Credit Cards 101
Learn the basics of how credit cards work, from statement balances and APR to credit scores, fees, and fraud protection. This guide breaks down key terms and common pitfalls so you can use credit wisely, avoid costly mistakes, and make more confident financial decisions.
A credit card can be a great way to establish credit—as long as it’s used responsibly. If someone misuses their credit card or doesn’t fully understand how it works, it can also be a gateway to falling into debt and damaging their credit score. We want to help our customers bank responsibly, and that includes credit cards.
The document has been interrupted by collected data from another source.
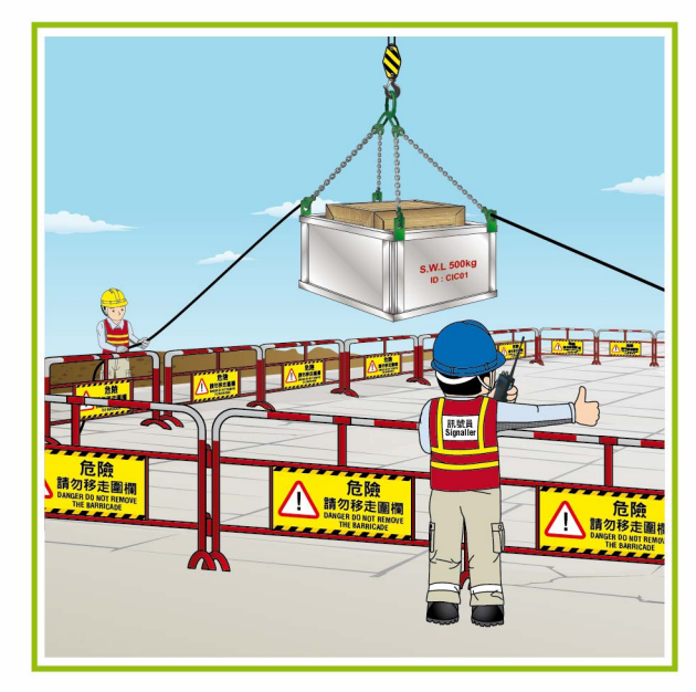
Make sure the tag lines/ropes are properly managed to avoid operators being dangling from the crane.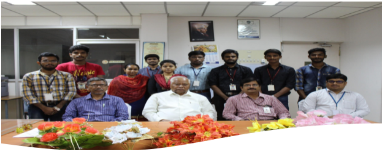
Selected Students with college officials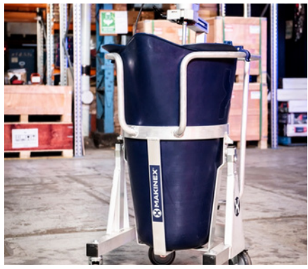
2. Mixing Station MS150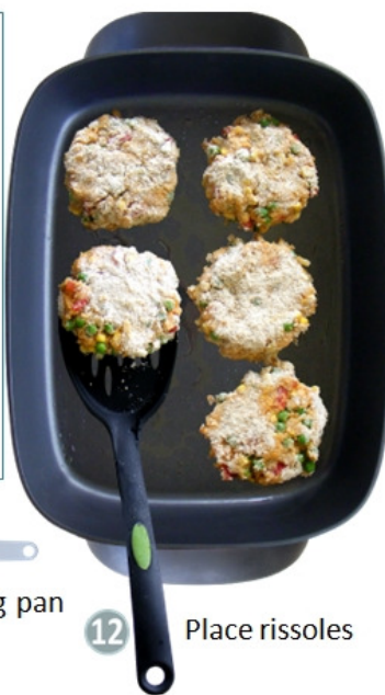
12 Place rissoles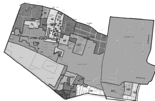
Before cleansing picture shows splintered polling booth areas in Shanthinagar ward

CIVIC Executive Trustee made a presentation of this successful intervention at the 4 th National Meeting of the Association for Democratic Reforms in Mumbai on 31 st January 09 at which all the three Central Election Commissioners were present.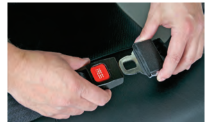
Quick release seat belt Adjustable to match your measurements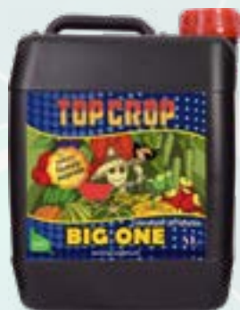
5 l container

BIG ONE is a bloom stimulator formulated with seaweed extract of the genus Ascophyllum Nodosum . Natural source of cytokinins and other growth regulators with high biological activity. Thanks to its high concentration (23% of algae), BIG ONE is incredibly effective increasing the volume of flowers up to 40% and increasing the production of resins and essential oils by more than 30%.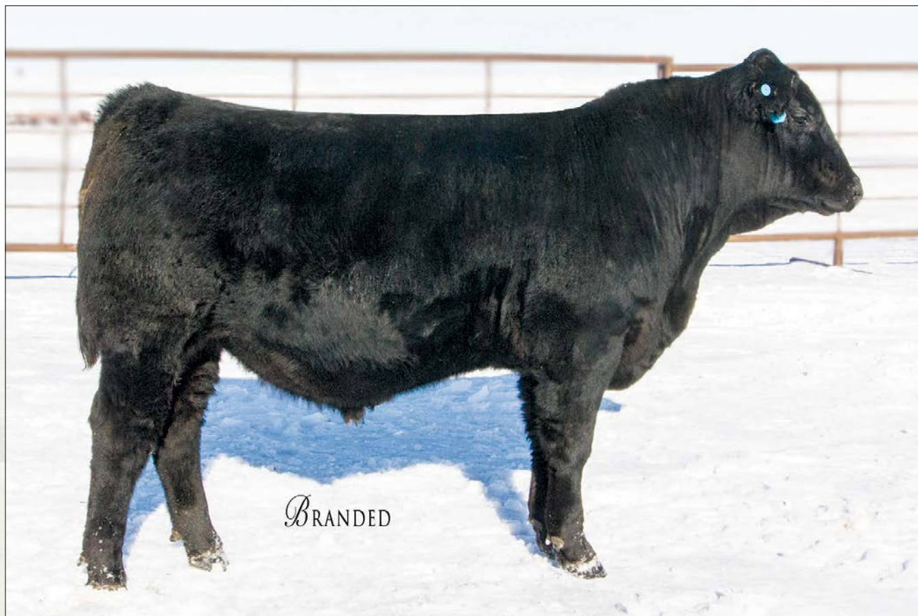
BDOC DRAKE 233D || Sells as Lot 2.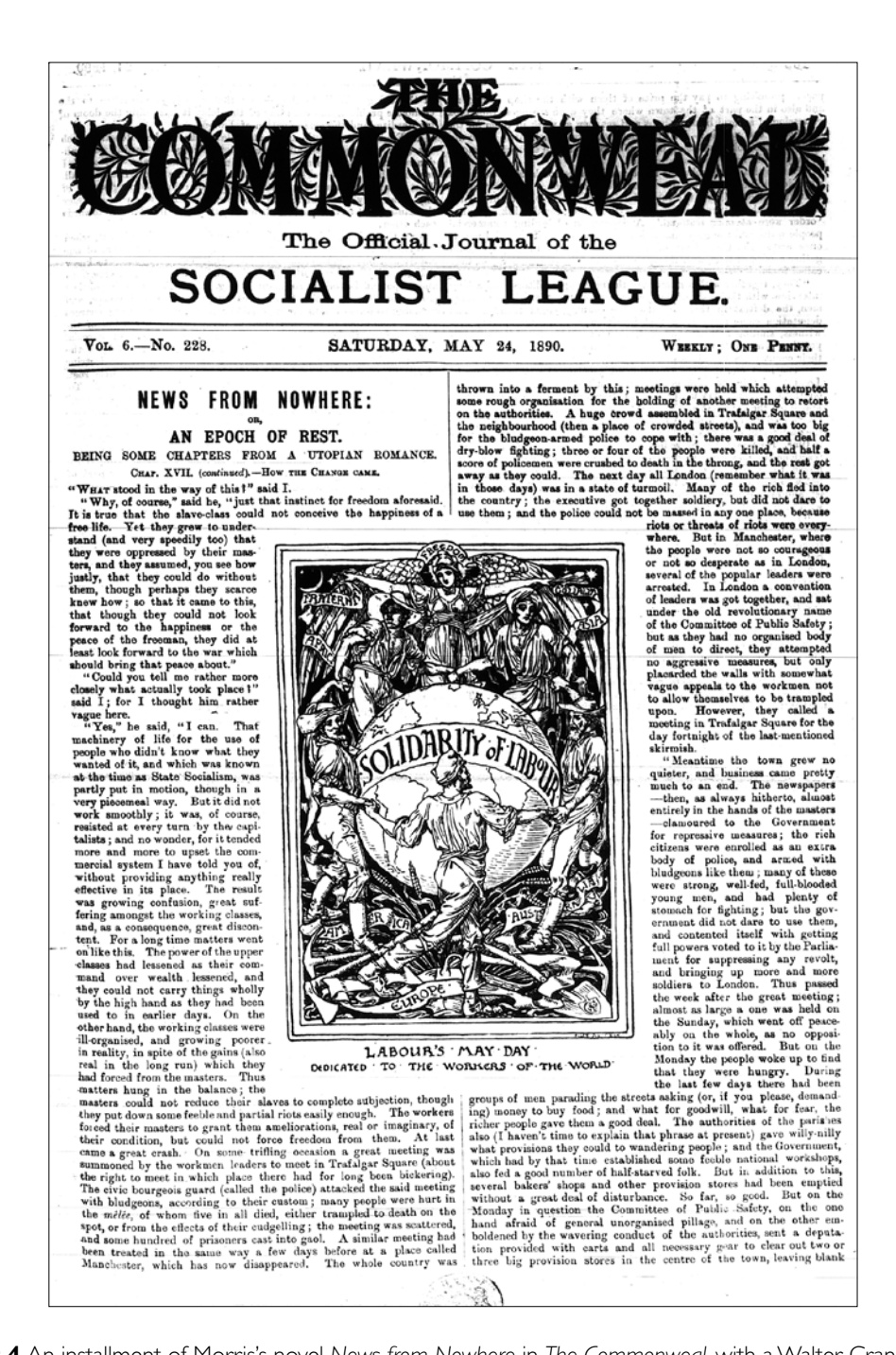
Fig 4 An installment of Morris's novel News from Nowhere in The Commonweal, with a Walter Crane cartoon embedded in the text (May 24, 1890). Labadie Collection, University of Michigan.

The Journal of Modern Craft Volume 4—Issue 1—March 2011, pp. 7–26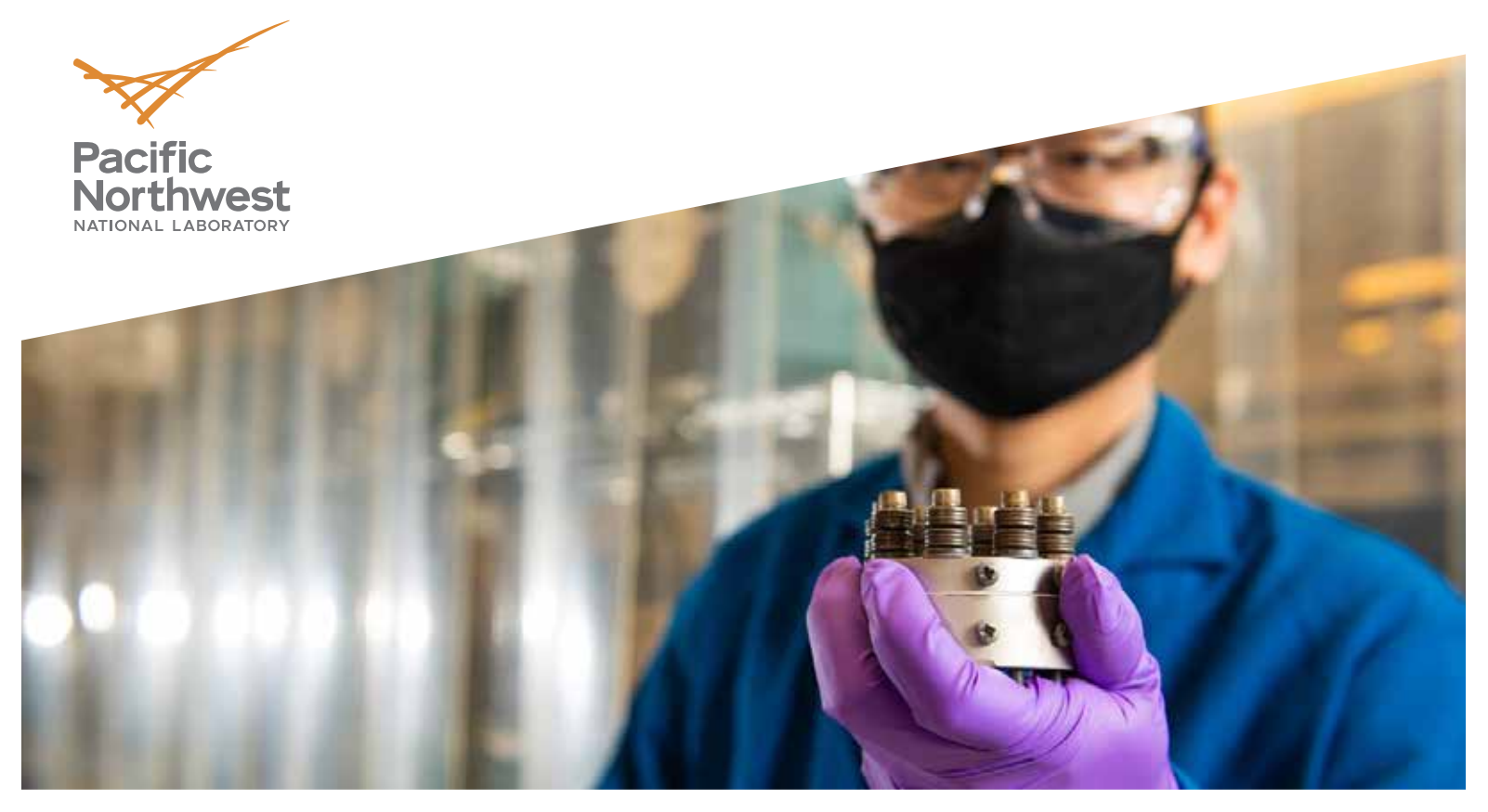
The Temperature-based Hibernating Battery provides long-term electricity storage without loss of electricity for several months.

That’s why we put together this explainer of how credit cards work, to help you avoid potential pitfalls, as well as some credit card tips for beginners. Whether you’re new to the world of credit cards or have had one for a while, we hope this explainer on credit card basics can help you use one responsibly and avoid common credit card traps that could leave you with a pile of debt and a poor credit rating.
How Do Credit Cards Work?
A credit card is issued by a financial institution, such as a bank, and you can use it to buy things. Every time you make a purchase, you’re essentially borrowing that money and must pay it back. Your balance is what you owe on the card. Two terms that are often confused with each other are statement balance vs current balance. Your statement balance is what you owe on each month’s bill. Your current balance is the amount on your card.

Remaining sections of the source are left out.